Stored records
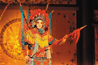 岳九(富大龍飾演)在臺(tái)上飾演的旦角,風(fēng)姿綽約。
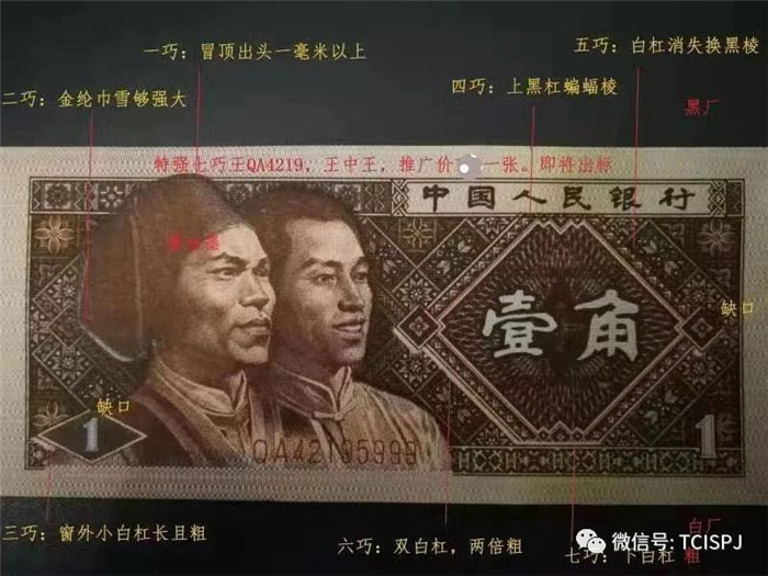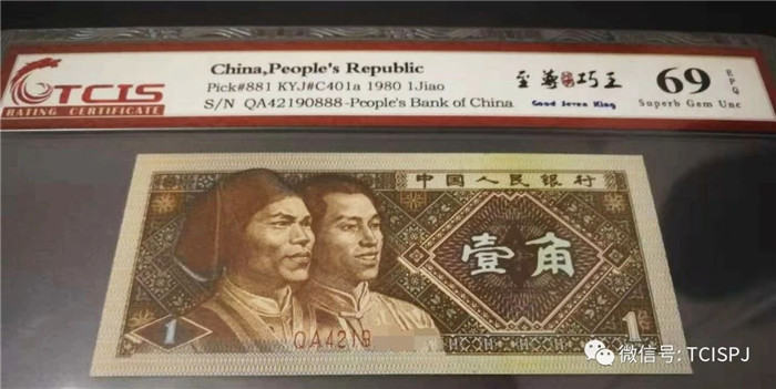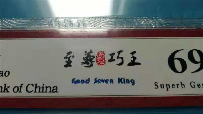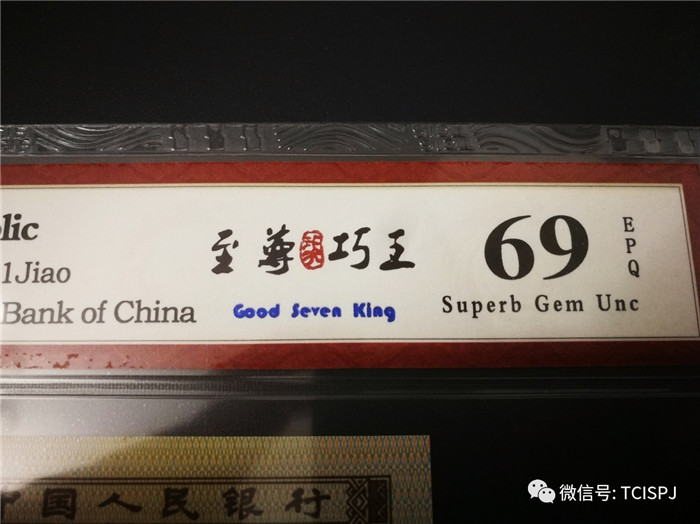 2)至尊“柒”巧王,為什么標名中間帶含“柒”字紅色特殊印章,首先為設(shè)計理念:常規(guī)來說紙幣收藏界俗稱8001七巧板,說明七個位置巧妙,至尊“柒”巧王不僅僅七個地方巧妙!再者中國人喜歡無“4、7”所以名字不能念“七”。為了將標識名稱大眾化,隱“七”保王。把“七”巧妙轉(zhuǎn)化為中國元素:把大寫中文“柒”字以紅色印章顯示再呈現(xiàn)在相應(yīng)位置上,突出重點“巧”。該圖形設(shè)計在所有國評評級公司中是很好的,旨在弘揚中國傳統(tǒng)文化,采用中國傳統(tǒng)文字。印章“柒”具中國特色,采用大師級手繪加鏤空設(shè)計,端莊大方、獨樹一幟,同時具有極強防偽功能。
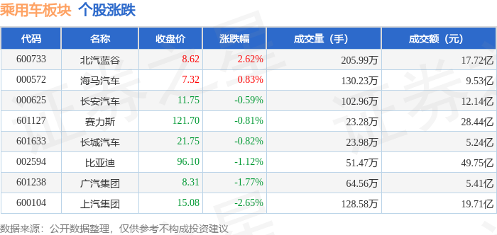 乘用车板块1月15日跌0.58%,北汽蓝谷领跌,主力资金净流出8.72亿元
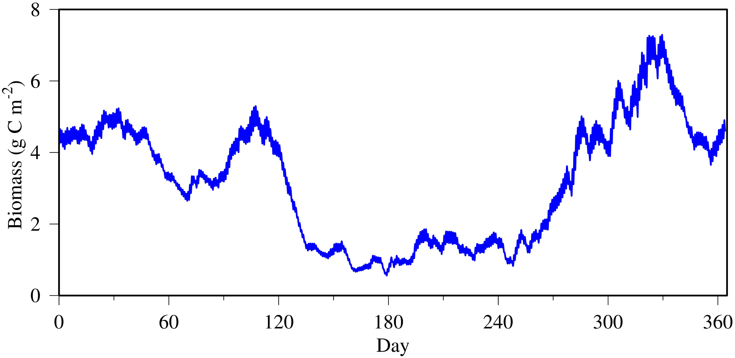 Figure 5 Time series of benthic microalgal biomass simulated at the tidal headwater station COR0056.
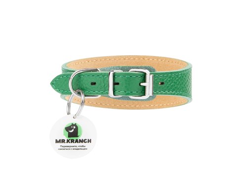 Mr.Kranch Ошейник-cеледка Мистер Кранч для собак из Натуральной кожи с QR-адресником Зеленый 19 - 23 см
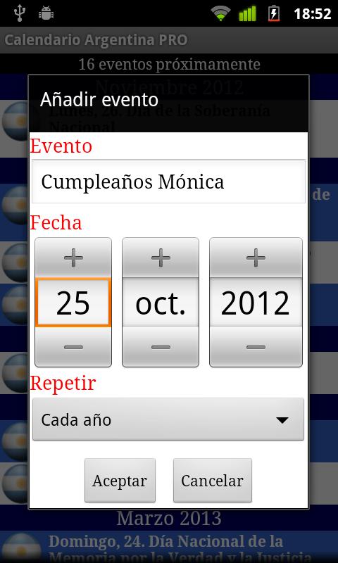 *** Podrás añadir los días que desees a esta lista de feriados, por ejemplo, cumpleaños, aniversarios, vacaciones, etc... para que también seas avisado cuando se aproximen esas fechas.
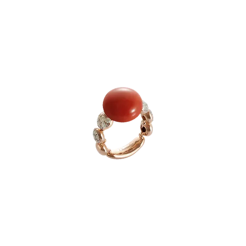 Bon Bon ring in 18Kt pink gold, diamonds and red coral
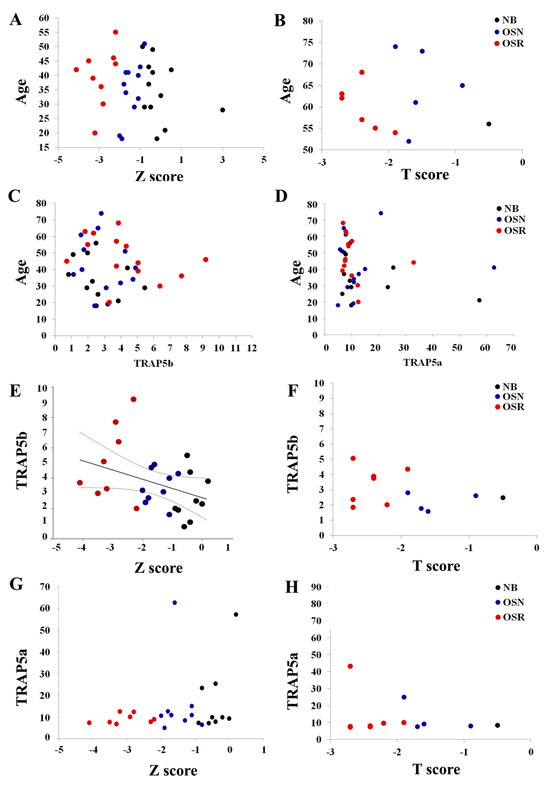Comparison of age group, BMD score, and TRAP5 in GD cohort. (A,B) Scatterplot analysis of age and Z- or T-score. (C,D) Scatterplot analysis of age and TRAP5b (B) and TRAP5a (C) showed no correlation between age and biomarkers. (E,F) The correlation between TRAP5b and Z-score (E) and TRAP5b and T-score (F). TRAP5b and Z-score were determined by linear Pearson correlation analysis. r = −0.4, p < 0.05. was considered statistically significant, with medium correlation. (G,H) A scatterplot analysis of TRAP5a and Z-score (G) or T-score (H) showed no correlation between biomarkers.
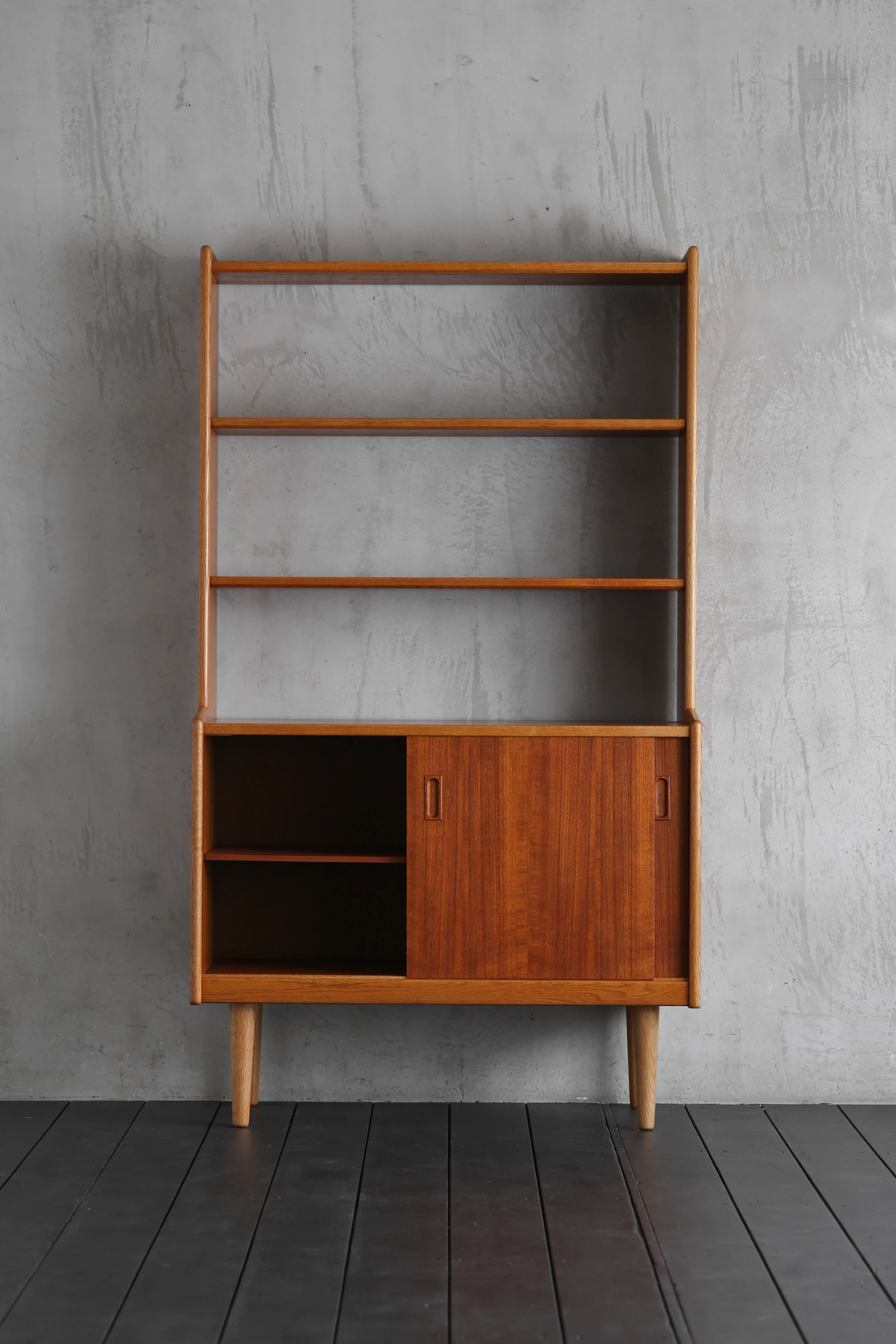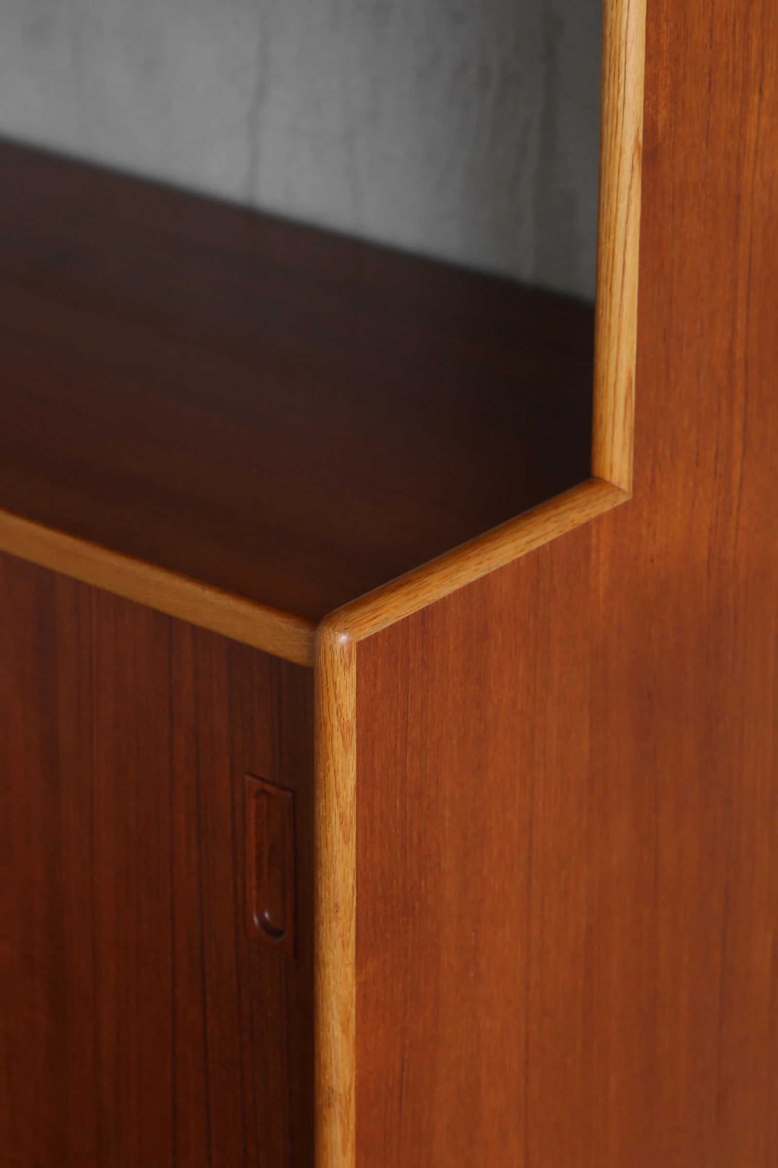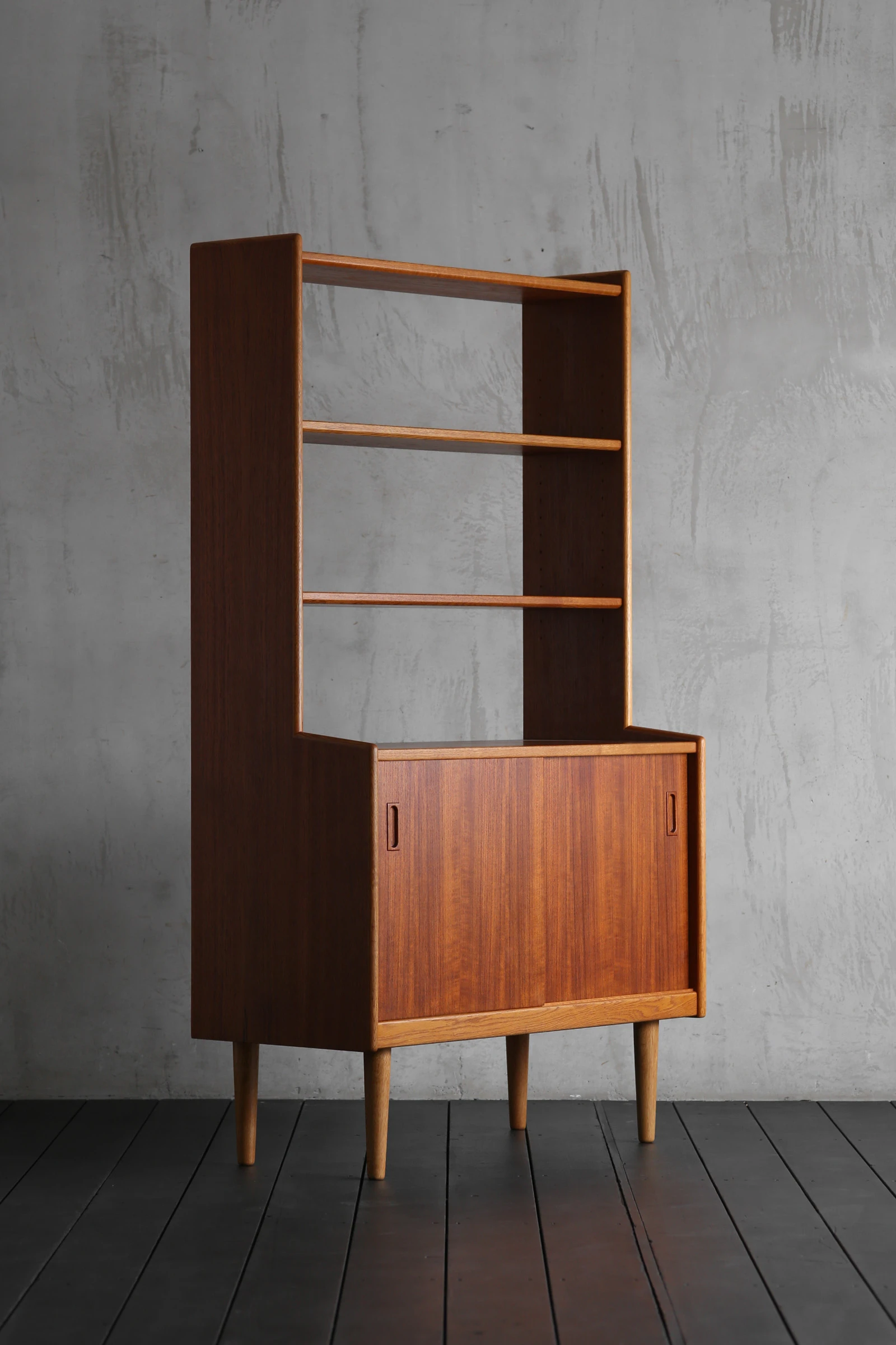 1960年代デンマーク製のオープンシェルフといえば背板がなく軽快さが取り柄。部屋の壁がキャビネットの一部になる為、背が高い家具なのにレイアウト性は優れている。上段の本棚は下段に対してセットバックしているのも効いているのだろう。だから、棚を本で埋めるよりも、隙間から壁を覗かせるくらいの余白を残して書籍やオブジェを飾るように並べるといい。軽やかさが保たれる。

About this task
Repeat the lines above, starting at the first and stopping after the line that holds "Mr.Kranch Ошейник-cеледка Мистер", with the pictures left out.

Expected answer
 岳九(富大龍飾演)在臺(tái)上飾演的旦角,風(fēng)姿綽約。
 2)至尊“柒”巧王,為什么標名中間帶含“柒”字紅色特殊印章,首先為設(shè)計理念:常規(guī)來說紙幣收藏界俗稱8001七巧板,說明七個位置巧妙,至尊“柒”巧王不僅僅七個地方巧妙!再者中國人喜歡無“4、7”所以名字不能念“七”。為了將標識名稱大眾化,隱“七”保王。把“七”巧妙轉(zhuǎn)化為中國元素:把大寫中文“柒”字以紅色印章顯示再呈現(xiàn)在相應(yīng)位置上,突出重點“巧”。該圖形設(shè)計在所有國評評級公司中是很好的,旨在弘揚中國傳統(tǒng)文化,采用中國傳統(tǒng)文字。印章“柒”具中國特色,采用大師級手繪加鏤空設(shè)計,端莊大方、獨樹一幟,同時具有極強防偽功能。
 乘用车板块1月15日跌0.58%,北汽蓝谷领跌,主力资金净流出8.72亿元
 Figure 5 Time series of benthic microalgal biomass simulated at the tidal headwater station COR0056.
 Mr.Kranch Ошейник-cеледка Мистер Кранч для собак из Натуральной кожи с QR-адресником Зеленый 19 - 23 см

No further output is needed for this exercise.